“From what we discussed, Mugabe said he is tired and wants to retire but he cannot do so now because ZANU-PF would die,” Enos Nkala, a former minister of defence in Mugabe’s late-1980s government, told The Standard newspaper after meeting with the 88-year-old president on Friday.
“He cannot leave when the party is in such a state. What is holding him now is managing and containing ZANU-PF to prevent it from disintegrating,” Nkala added.
Mugabe’s spokesperson was not immediately available to comment on Nkala’s statements.
Nkala, who has been a staunch critic of Mugabe in recent years, met with him privately for an hour in Bulawayo, 430 kilometres (270 miles) southwest of the capital Harare, The Standard said.
Nkala warned that Mugabe’s succession remains a delicate issue that if not handled carefully might result in “chaos or civil war”.
“It’s easy for people to say Mugabe must go, Mugabe must go, but most don’t know that he is the glue that has been holding this country together,” he said.

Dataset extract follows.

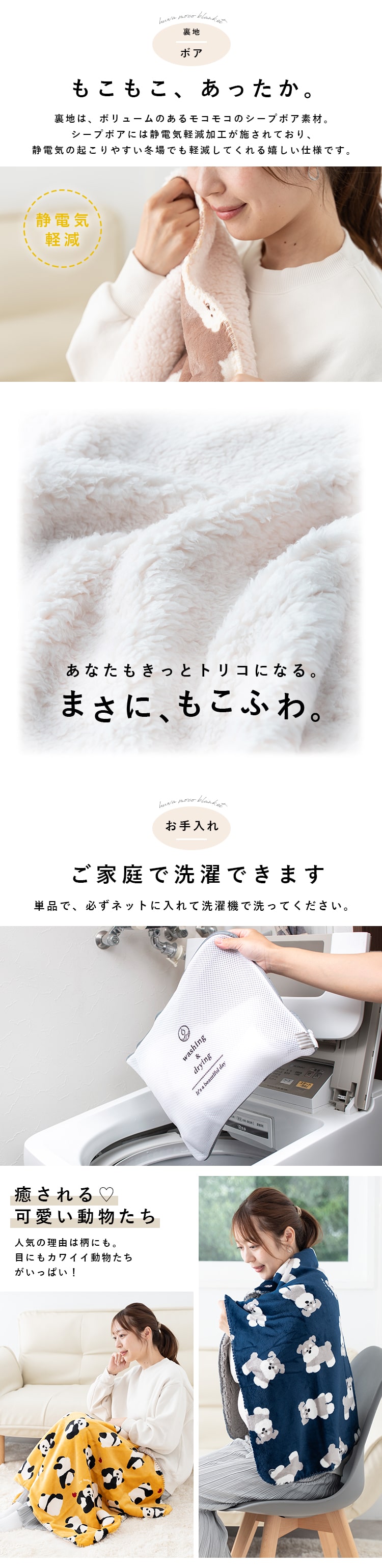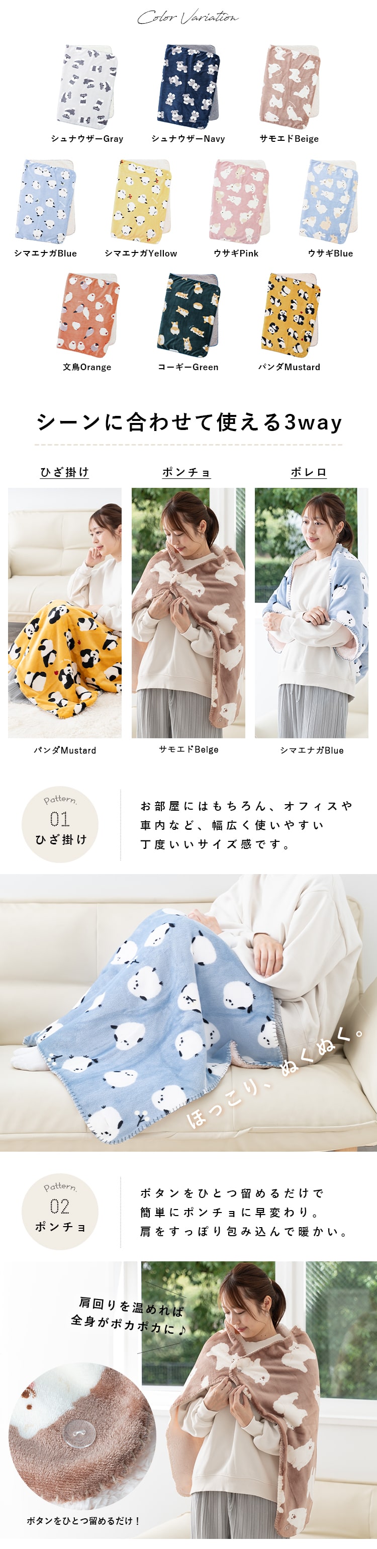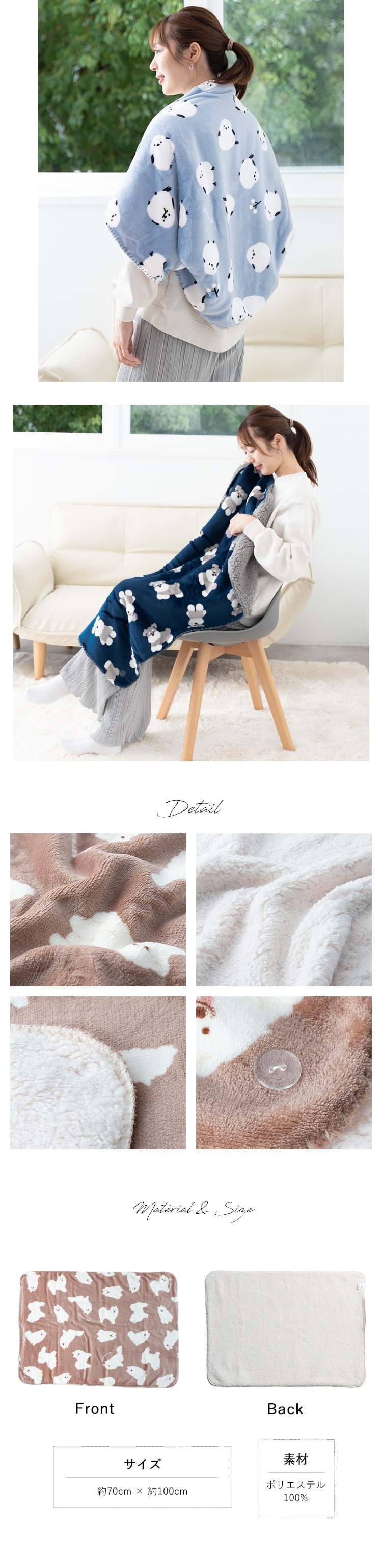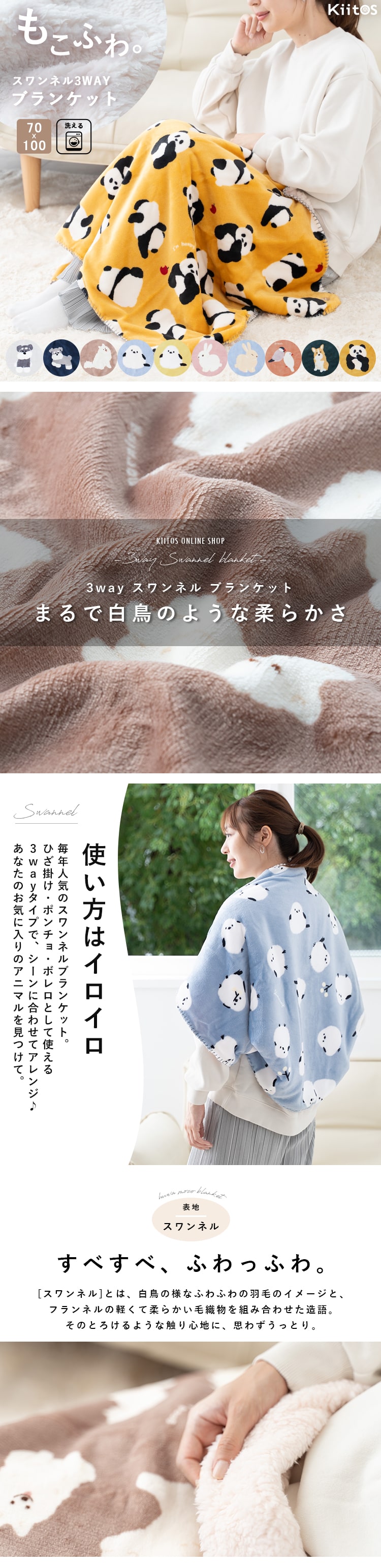 ブランケット ひざ掛け 100×70cm スワンネル 3way ポンチョ ボレロ ボア 厚手 静電気軽減加工 洗える かわいい おしゃれ 暖かい 冬 ギフト ウサギPink

Mugabe, who has ruled the southern African country since independence in 1980, has already been endorsed by his party to stand as a candidate in elections expected after the end of a power-sharing government formed in 2009 in the wake of disputed elections.
He and his top rival, Prime Minister Morgan Tsvangirai, have been haggling over when new elections can be held. Mugabe wants to exit the power-sharing deal as soon as possible, while Tsvangirai insists key reforms be implemented first.
Mugabe has been at the centre of a swirl of reports that he is in failing health.
Mugabe and his top officials have repeatedly denied that he has prostate cancer following a leaked 2008 US diplomatic cable in which Reserve Bank Governor Gideon Gono said he had the disease and that it had spread through his body.